**Exercise prompt**
Print exactly, and only, the lines from the one containing "Hondaの各ドライバーはそ" through the last line of the records below, both included; leave out the pictures.

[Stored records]
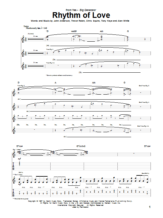 Download or print Yes Rhythm Of Love sheet music, chords and digital score arranged for Guitar Tab. This Pop score includes 9 page(s).
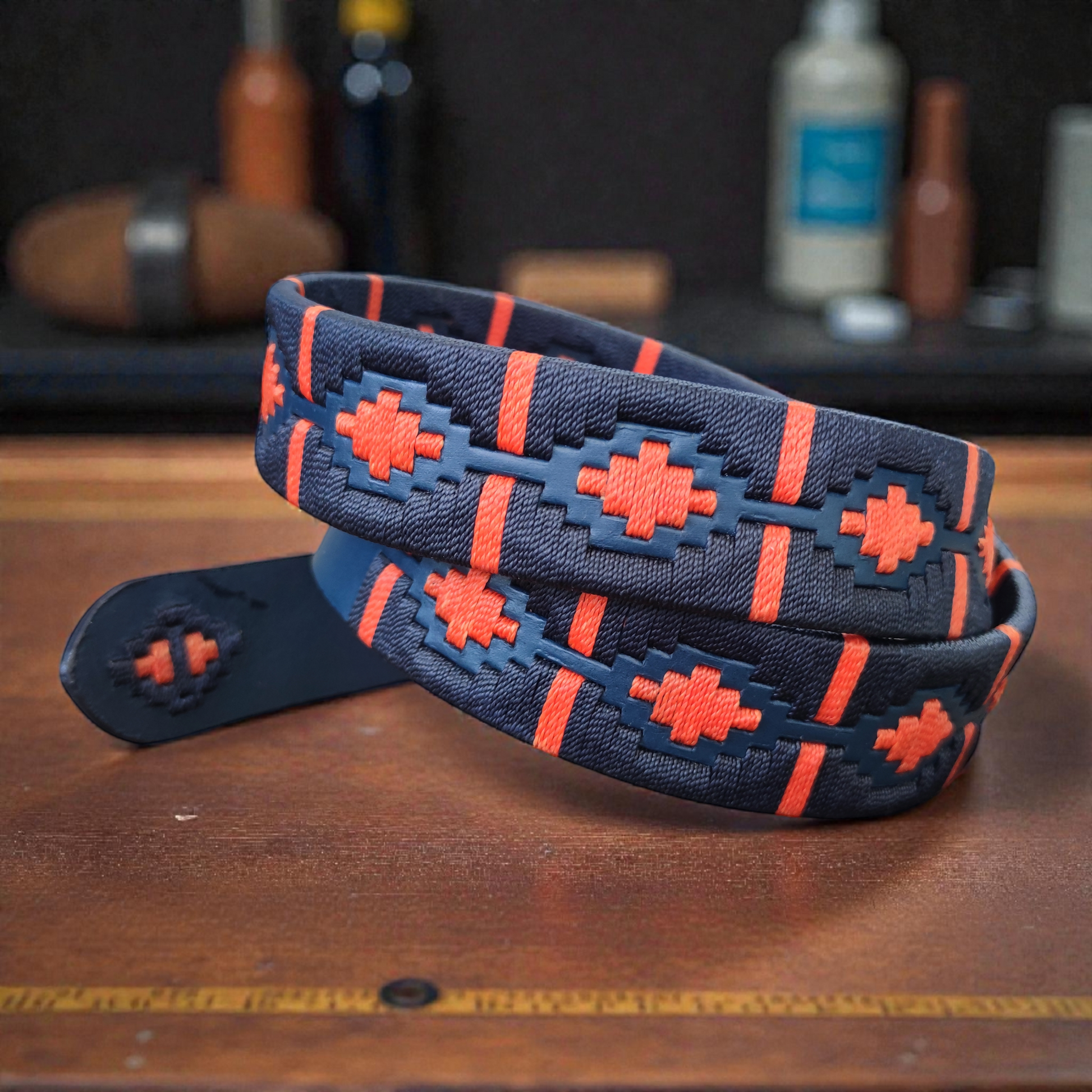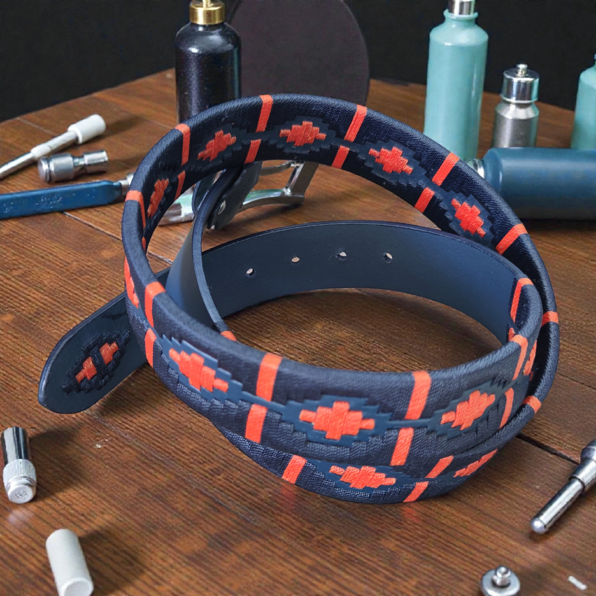 Una pieza creada para hombres que proyectan seguridad, elegancia moderna y carácter propio. El cuero azul oscuro profundo se combina con un tejido artesanal en hilos azul oscuro y naranja, logrando un contraste preciso que transmite energía, personalidad y un estilo contemporáneo sin perder sobriedad. Un cinturón de 4 cm de ancho, firme y equilibrado, diseñado para destacar con clase en cualquier ocasión.
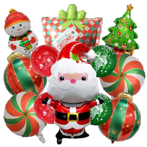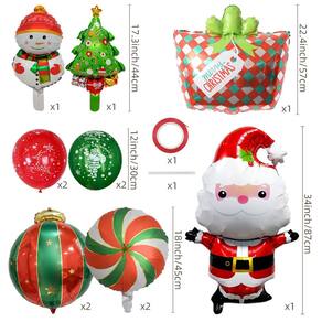 Conjunto completo de balões de Natal: este conjunto inclui Papai Noel, boneco de neve, árvore de Natal, pirulito e balões em forma de enfeite, perfeitos para decorar sua festa de Natal ou criar adereços fotográficos divertidos. Cores vibrantes de Natal: com cores tradicionais de Natal, como vermelho, verde, dourado e branco, esses balões adicionarão uma atmosfera festiva e alegre à sua celebração. Folha de alumínio durável e material de látex: feitos de papel alumínio e látex de alta qualidade, esses balões são projetados para durar e manter sua forma e cor durante todo o evento. Perfeitos para festas e fotos de Natal: seja para um jantar de Natal, festa de fim de ano ou sessão de fotos festiva, esses balões trarão alegria e criarão memórias duradouras para todas as idades. Fácil de inflar e configurar: os balões variam de 12 a 34 polegadas de tamanho e podem ser facilmente inflados com ar ou hélio, facilitando a decoração de seu evento natalino.
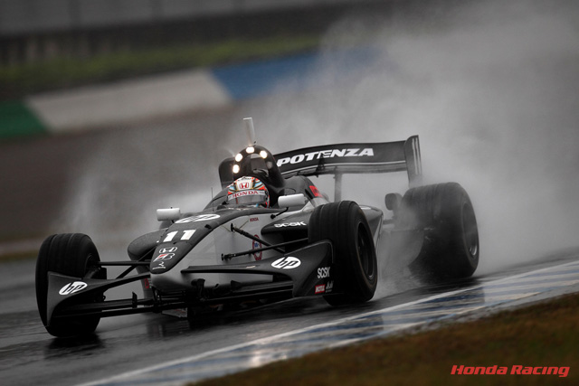 Hondaの各ドライバーはその後も懸命の追い上げを図ろうとしますが、激しい水煙に視界を奪われ、思うようにペースを上げることができません。この結果、小暮選手は4位でフィニッシュ。中嶋選手も7位で完走を果たし、第3戦富士ラウンドに続く今シーズン2度目の入賞を果たしました。塚越選手は8位。伊沢選手は9番手でチェッカーフラッグを受けましたが、60秒のタイム加算により10位となりました。これにともなって武藤選手が9位となり、小林選手は11位完走を果たしました。山本選手はレース終盤にコースへ復帰しましたが、周回数不足のため完走とは認定されませんでした。
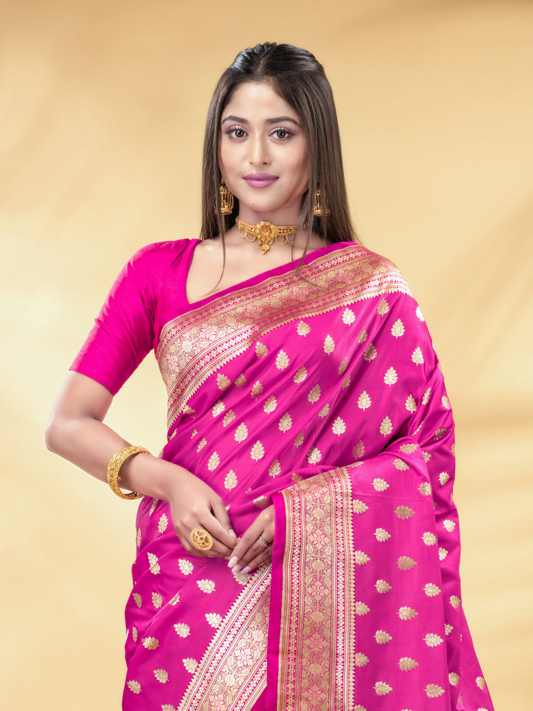 Celebrate tradition in style with this elegant Pink Katan Banarasi Silk Saree, a masterpiece of rich Indian craftsmanship. Made from luxurious pure Katan silk, the saree is adorned with delicate gold zari buta motifs spread diagonally across the body, exuding a timeless charm. The highlight of this saree is its exquisitely woven broad zari border and grand pallu, featuring intricate floral and mango patterns that reflect true Banarasi artistry. The vibrant rani pink color enhances the sheen of the zari, making it the perfect ensemble for weddings, festivals, bridal wear, and traditional events.

**Exercise response**
 Hondaの各ドライバーはその後も懸命の追い上げを図ろうとしますが、激しい水煙に視界を奪われ、思うようにペースを上げることができません。この結果、小暮選手は4位でフィニッシュ。中嶋選手も7位で完走を果たし、第3戦富士ラウンドに続く今シーズン2度目の入賞を果たしました。塚越選手は8位。伊沢選手は9番手でチェッカーフラッグを受けましたが、60秒のタイム加算により10位となりました。これにともなって武藤選手が9位となり、小林選手は11位完走を果たしました。山本選手はレース終盤にコースへ復帰しましたが、周回数不足のため完走とは認定されませんでした。
 Celebrate tradition in style with this elegant Pink Katan Banarasi Silk Saree, a masterpiece of rich Indian craftsmanship. Made from luxurious pure Katan silk, the saree is adorned with delicate gold zari buta motifs spread diagonally across the body, exuding a timeless charm. The highlight of this saree is its exquisitely woven broad zari border and grand pallu, featuring intricate floral and mango patterns that reflect true Banarasi artistry. The vibrant rani pink color enhances the sheen of the zari, making it the perfect ensemble for weddings, festivals, bridal wear, and traditional events.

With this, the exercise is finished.